At midday they came upon the large man-made hill Kammal had described. As they climbed upward they realized that beneath them lay buried the ancient city of Hazor. Jossi was elated. “Do you realize that Joshua may have been
standing on this very spot when he conquered the city from the Canaanites!” Jossi went about collecting bits of broken pottery which were strewn all about. Since his very first sight of the Holy Land, Jossi had been in such a state of joy that he was completely unaware of the bad mood that had been overtaking Yakov. Yakov did not want to spoil his brother’s happiness so he remained silent, but his sullenness grew by the minute.

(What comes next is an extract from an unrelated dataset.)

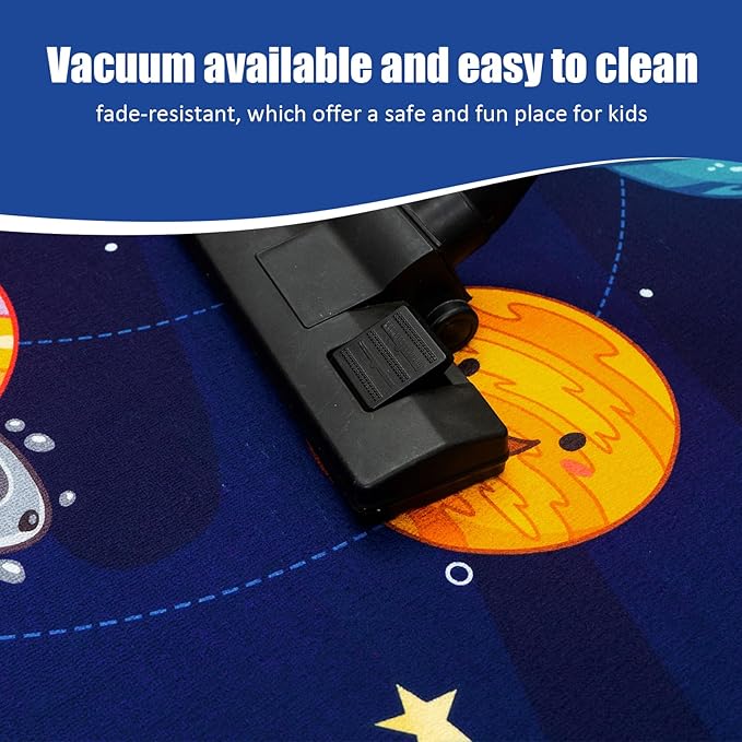 - INSPIRE CHILDREN'S CURIOSITY ABOUT SPACE :Featuring beautiful images of the planets and space, this playroom rug vibrant colors and detailed illustrations capture children's imaginations and encourage them to ask questions about the planets and the vastness of space.This kids play rug can be used as a stepping stone for further exploration and learning about astronomy,inspiring children to delve deeper into the mysteries of the universe.

At dusk they reached Rosh Pinna, the Cornerstone, the farthest northern settlement of Jews. Their arrival produced a great furor. In a small building which served as the meeting room they were eagerly questioned. But it was forty months since they had left Zhitomir and they could only say that the pogroms that had started in 1881 were getting progressively worse.
Although both boys concealed their feelings, Rosh Pinna was a terrible disappointment. Instead of flourishing farms they found a rundown village. There were but a few dozen Jews living midst conditions not much better than those of the Arabs of Abu Yesha.
“Sometimes I think it would have been better to have stayed in Russia,” one of the Bilus opined. “At least in the ghetto we were among Jews. We had books to read, music to hear, and people to speak to … there were women. Here, there is nothing.”
“But all those things we heard at the Lovers of Zion meetings––” Jossi said.